**Task brief**
When you transcribe the listing that follows, keep every line exact and omit the pictures.

**The data**
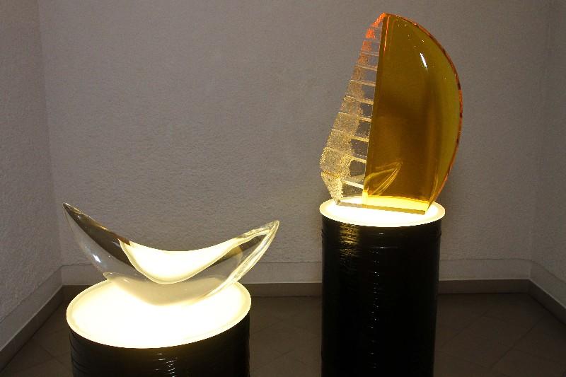 Klaipėdos kultūrų komunikacijų centro Parodų rūmuose (Didžioji Vandens g. 2) penktadienio vakarą buvo triukšminga – tratant būgnams čia atidaryta Indrės Stulgaitės-Kriukienės ir Remigijaus Kriuko meninio stiklo paroda „Švytėjimas”. Stiklo menininkai iš Panevėžio su savo darbais jau apkeliavo beveik visą Europą – jie aktyviai dalyvauja parodose bei kūrybiniuose simpoziumuose, konferencijose, seminaruose, konkursuose Lietuvoje, Latvijoje, Estijoje, Rusijoje, Ukrainoje, Vokietijoje, Suomijoje, Danijoje, Olandijoje, Liuksemburge, Bulgarijoje, Baltarusijoje, Slovakijoje ir kitose šalyse. Jų kūrinių yra įsigiję Frauenau stiklo muziejus (Vokietija), Nacionalinis Lvovo meno muziejus (Ukraina), Lvovo stiklo muziejus (Ukraina), Evald Okas muziejus (Haapsalu, Estija), Suomijos stiklo muziejus (Riihimäki, Suomija), Rusijos dekoratyvinio-taikomojo ir liaudies meno muziejus (Maskva, Rusija), K. A. Savitskio galerijos Penzos filialas Stiklo ir krištolo muziejus (Nikolskas, Rusija), Kuskovo rūmai (Maskva, Rusija). Pastaraisiais metais stiklo kūrėjų pora Indrė Stulgaitė-Kriukienė ir Remigijus Kriukas nusprendė parodas rengti Lietuvoje – anot menininkų, jie nori ir tėvynainiams parodyti, kad stiklas – tai ne tik taurės, vazos ar kiti buityje naudojami indai. Stiklas gali virsti ir meno kūriniu – skulptūra. Į savo parodos atidarymą menininkai pakvietė Kretingos meno mokyklos mušamųjų instrumentų ansamblį, vadovaujamą Viačeslavo Krasnopiorovo. Talentingųjų kolektyvo narių mušami ritmai itin išryškino medžiagos, su kuria dirba menininkai – stiklo – trapumą. Anot R. Kriuko, šį ansamblį, atrastą džiazo festivaliuose, jie pasikvietė tam, kad būgnų garsai primintų stiklo dirbtuvių atmosferą – ten visada labai triukšminga. Stiklo menas – labai specifinė sritis, turinti daug savitų technologinių ypatybių, jau nekalbant apie tai, kad tai ypač kaprizinga medžiaga. Įgyvendindami savo kūrybinius sumanymus, menininkai nuolat eksperimentuoja ir, derindami skaidrius ir šiurkščius paviršius, stengiasi optimaliai išnaudoti šios išskirtinės medžiagos galimybes: optiškumą, skaidrumą, iliuziją. Kadangi geriausioms stiklo savybėms atskleisti privaloma šviesa, rengti ekspoziciją technologiškai gana sudėtinga – reikia surasti geriausią apšvietimo kampą, kryptį, intensyvumą, kad kiekvienas stiklo kūrinys švytėtų. Paroda „Švytėjimas” veiks iki 2015 m. lapkričio 22 d. |
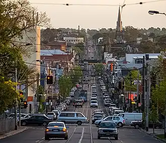 ![]() Hawthorn's Glenferrie Road shopping strip, facing north towards Kew | |||||||||||||||
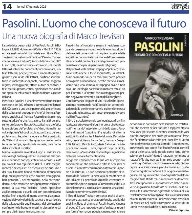 Pasolini. L’uomo che conosceva il futuro. Una nuova biografia di MarcoTrevisan sul nuovo numero di Giornalisti Europei

**Result**
 Klaipėdos kultūrų komunikacijų centro Parodų rūmuose (Didžioji Vandens g. 2) penktadienio vakarą buvo triukšminga – tratant būgnams čia atidaryta Indrės Stulgaitės-Kriukienės ir Remigijaus Kriuko meninio stiklo paroda „Švytėjimas”. Stiklo menininkai iš Panevėžio su savo darbais jau apkeliavo beveik visą Europą – jie aktyviai dalyvauja parodose bei kūrybiniuose simpoziumuose, konferencijose, seminaruose, konkursuose Lietuvoje, Latvijoje, Estijoje, Rusijoje, Ukrainoje, Vokietijoje, Suomijoje, Danijoje, Olandijoje, Liuksemburge, Bulgarijoje, Baltarusijoje, Slovakijoje ir kitose šalyse. Jų kūrinių yra įsigiję Frauenau stiklo muziejus (Vokietija), Nacionalinis Lvovo meno muziejus (Ukraina), Lvovo stiklo muziejus (Ukraina), Evald Okas muziejus (Haapsalu, Estija), Suomijos stiklo muziejus (Riihimäki, Suomija), Rusijos dekoratyvinio-taikomojo ir liaudies meno muziejus (Maskva, Rusija), K. A. Savitskio galerijos Penzos filialas Stiklo ir krištolo muziejus (Nikolskas, Rusija), Kuskovo rūmai (Maskva, Rusija). Pastaraisiais metais stiklo kūrėjų pora Indrė Stulgaitė-Kriukienė ir Remigijus Kriukas nusprendė parodas rengti Lietuvoje – anot menininkų, jie nori ir tėvynainiams parodyti, kad stiklas – tai ne tik taurės, vazos ar kiti buityje naudojami indai. Stiklas gali virsti ir meno kūriniu – skulptūra. Į savo parodos atidarymą menininkai pakvietė Kretingos meno mokyklos mušamųjų instrumentų ansamblį, vadovaujamą Viačeslavo Krasnopiorovo. Talentingųjų kolektyvo narių mušami ritmai itin išryškino medžiagos, su kuria dirba menininkai – stiklo – trapumą. Anot R. Kriuko, šį ansamblį, atrastą džiazo festivaliuose, jie pasikvietė tam, kad būgnų garsai primintų stiklo dirbtuvių atmosferą – ten visada labai triukšminga. Stiklo menas – labai specifinė sritis, turinti daug savitų technologinių ypatybių, jau nekalbant apie tai, kad tai ypač kaprizinga medžiaga. Įgyvendindami savo kūrybinius sumanymus, menininkai nuolat eksperimentuoja ir, derindami skaidrius ir šiurkščius paviršius, stengiasi optimaliai išnaudoti šios išskirtinės medžiagos galimybes: optiškumą, skaidrumą, iliuziją. Kadangi geriausioms stiklo savybėms atskleisti privaloma šviesa, rengti ekspoziciją technologiškai gana sudėtinga – reikia surasti geriausią apšvietimo kampą, kryptį, intensyvumą, kad kiekvienas stiklo kūrinys švytėtų. Paroda „Švytėjimas” veiks iki 2015 m. lapkričio 22 d. |
 ![]() Hawthorn's Glenferrie Road shopping strip, facing north towards Kew | |||||||||||||||
 Pasolini. L’uomo che conosceva il futuro. Una nuova biografia di MarcoTrevisan sul nuovo numero di Giornalisti Europei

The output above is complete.